__Data in this exercise__.
════════════════
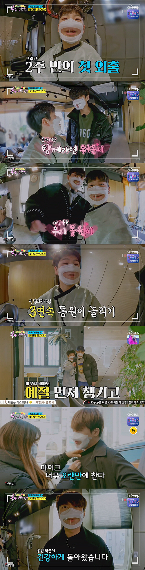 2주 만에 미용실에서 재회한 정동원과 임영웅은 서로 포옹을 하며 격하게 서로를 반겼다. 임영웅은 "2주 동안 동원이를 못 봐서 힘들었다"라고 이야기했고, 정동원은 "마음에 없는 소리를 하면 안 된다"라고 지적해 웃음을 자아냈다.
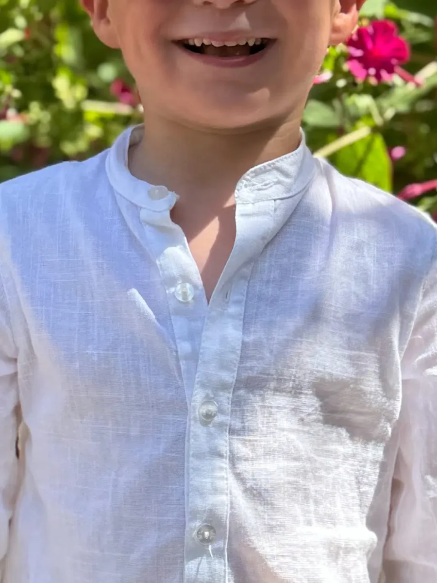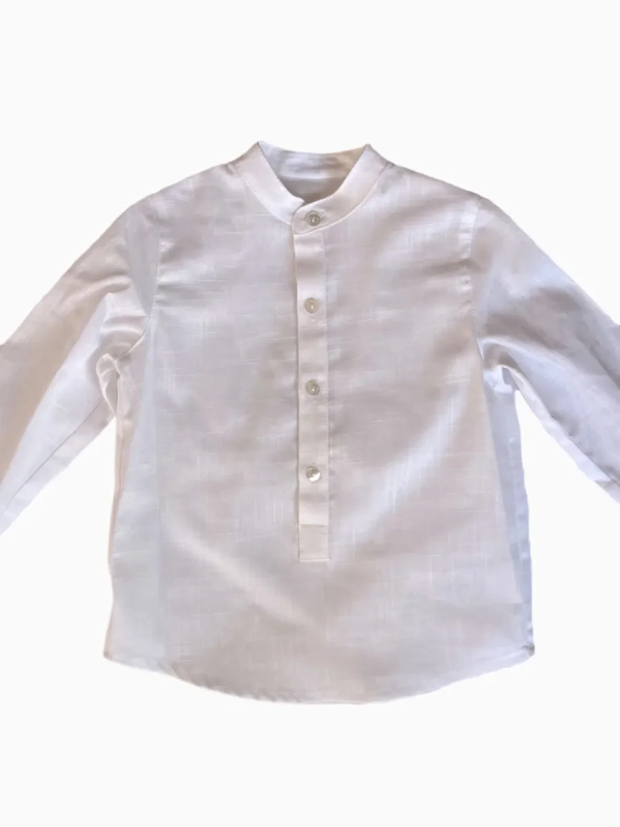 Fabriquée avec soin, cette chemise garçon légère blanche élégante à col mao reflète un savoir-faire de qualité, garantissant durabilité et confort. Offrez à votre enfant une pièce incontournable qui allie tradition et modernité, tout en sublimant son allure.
════════════════
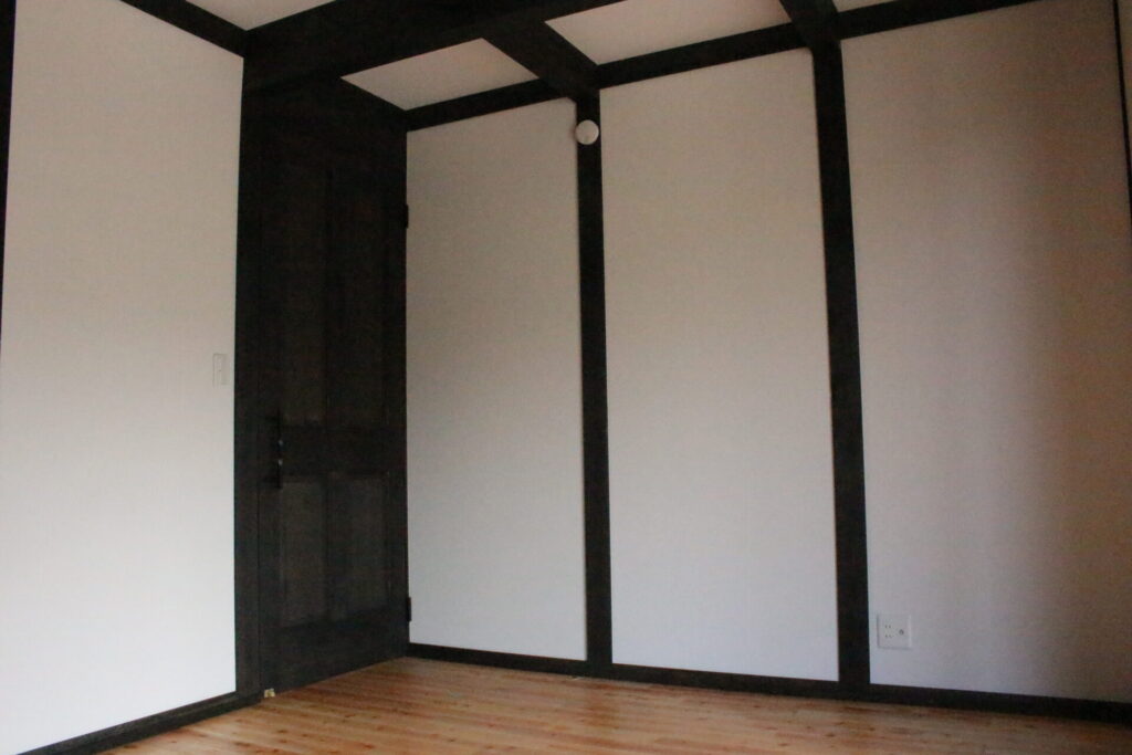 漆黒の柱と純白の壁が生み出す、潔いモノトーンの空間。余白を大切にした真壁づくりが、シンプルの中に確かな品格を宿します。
════════════════
__Task__. From the records above, quote word for word only the lines beginning at the line that has "2주 만에 미용실에서" and stopping after the line that has "Fabriquée avec soin, cette". Omit the pictures.

__Result of the task__.
 2주 만에 미용실에서 재회한 정동원과 임영웅은 서로 포옹을 하며 격하게 서로를 반겼다. 임영웅은 "2주 동안 동원이를 못 봐서 힘들었다"라고 이야기했고, 정동원은 "마음에 없는 소리를 하면 안 된다"라고 지적해 웃음을 자아냈다.
 Fabriquée avec soin, cette chemise garçon légère blanche élégante à col mao reflète un savoir-faire de qualité, garantissant durabilité et confort. Offrez à votre enfant une pièce incontournable qui allie tradition et modernité, tout en sublimant son allure.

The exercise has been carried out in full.